--- Data block ---
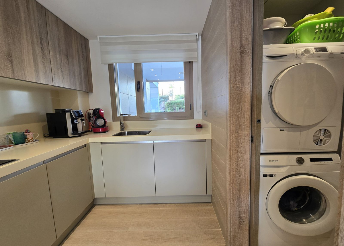 The apartment features a spacious and bright living-dining room that opens seamlessly onto the terrace, creating a perfect indoor-outdoor flow for relaxation enjoying breathtaking views over the golf course. The fully equipped kitchen, with a sleek resin worktop and adjoining laundry room, adds both style and functionality. Bedrooms are spacious with large wardrobes and equipped with tilt-and-turn aluminum double-glazed windows and electric shutters, while air conditioning (hot & cold) and energy-saving solar thermal hot water ensure modern comfort.
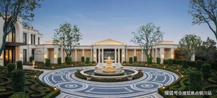 以凡尔赛宫园林为蓝本的东西向仪式花园中轴,串联水景喷泉、礼仪树阵、艺术花廊等,于礼序中彰显皇家庄严威仪。
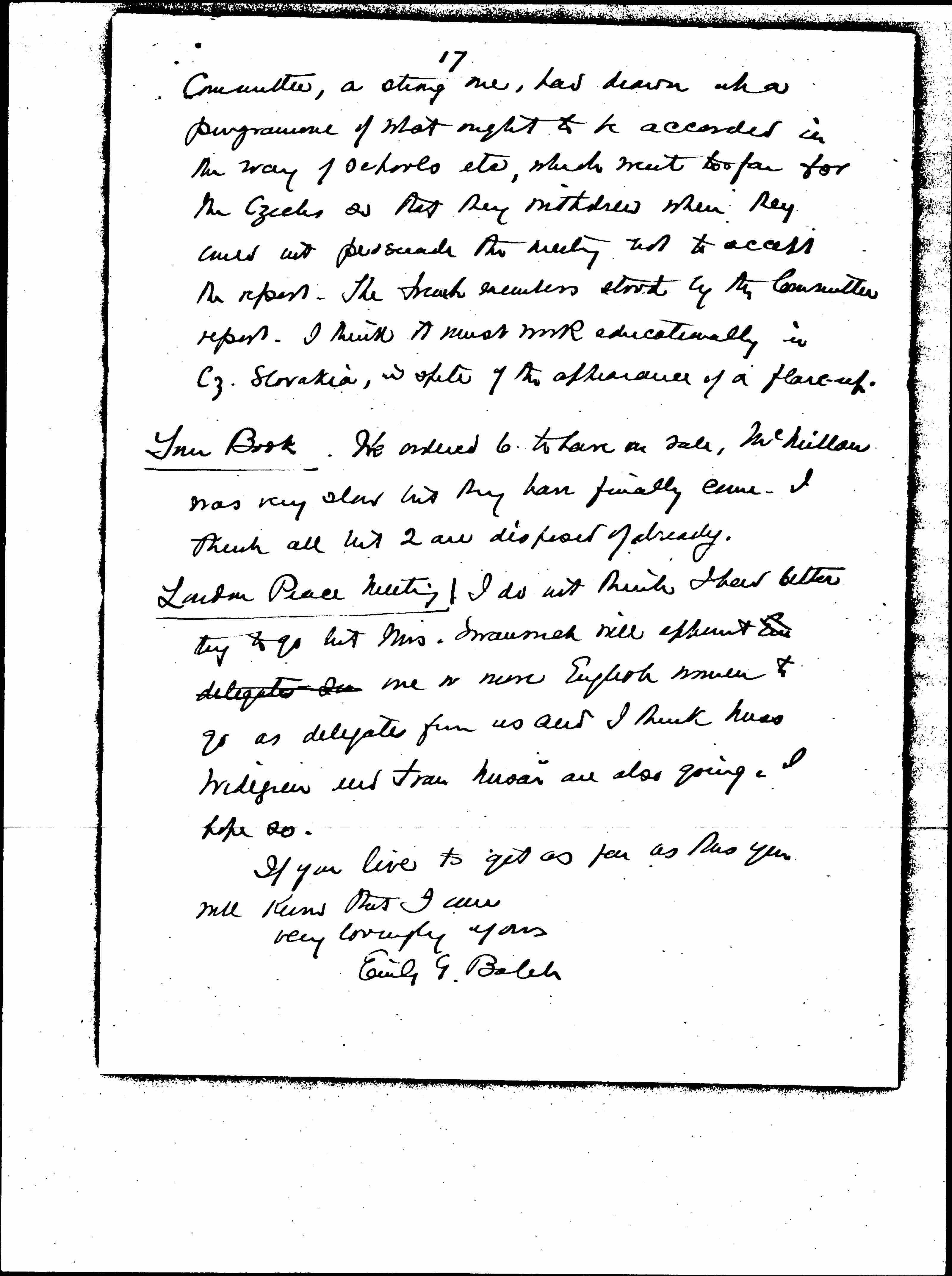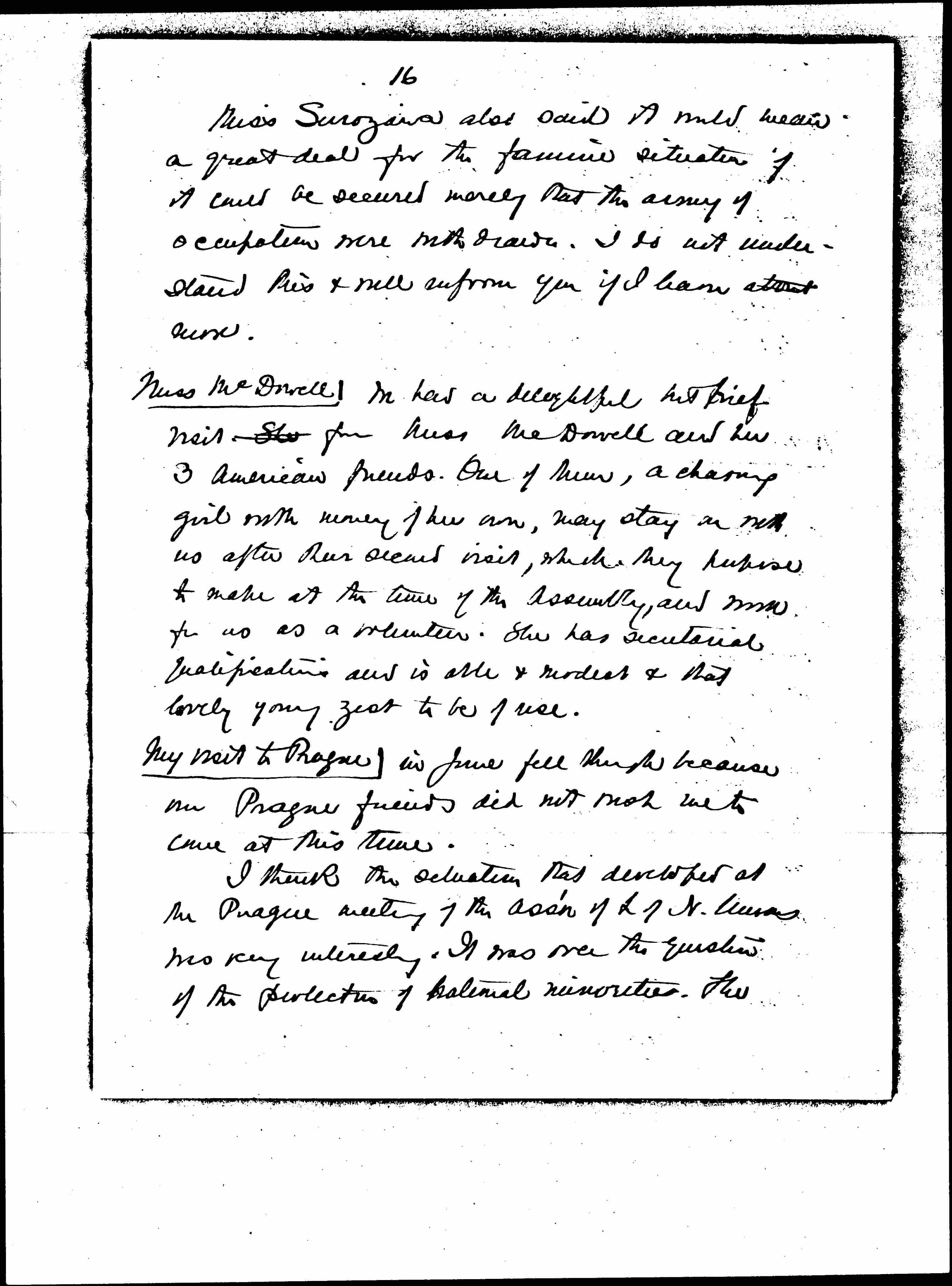I think the situation that developed at the Prague meeting of the ass'n of L of N. Unions was very interesting. It was over the question of the protection of potential minorities. The [page 17] Committee, a strong one, had drawn up a [program] of what ought to be accorded in the way of schools etc, which went too far for the Czechs so that they withdrew when they could not persuade the meeting not to accept the report. The French members stood by the Committee report. I think it must work educationally in [Czechoslovakia], in spite of the appearance of a flare-up.
---
- **What is needed**: Word for word, retype the lines from the one with "以凡尔赛宫园林为蓝本的东西向" through the final line of the data, both included. No pictures belong in the copy.

- **Response area**:
 以凡尔赛宫园林为蓝本的东西向仪式花园中轴,串联水景喷泉、礼仪树阵、艺术花廊等,于礼序中彰显皇家庄严威仪。
I think the situation that developed at the Prague meeting of the ass'n of L of N. Unions was very interesting. It was over the question of the protection of potential minorities. The [page 17] Committee, a strong one, had drawn up a [program] of what ought to be accorded in the way of schools etc, which went too far for the Czechs so that they withdrew when they could not persuade the meeting not to accept the report. The French members stood by the Committee report. I think it must work educationally in [Czechoslovakia], in spite of the appearance of a flare-up.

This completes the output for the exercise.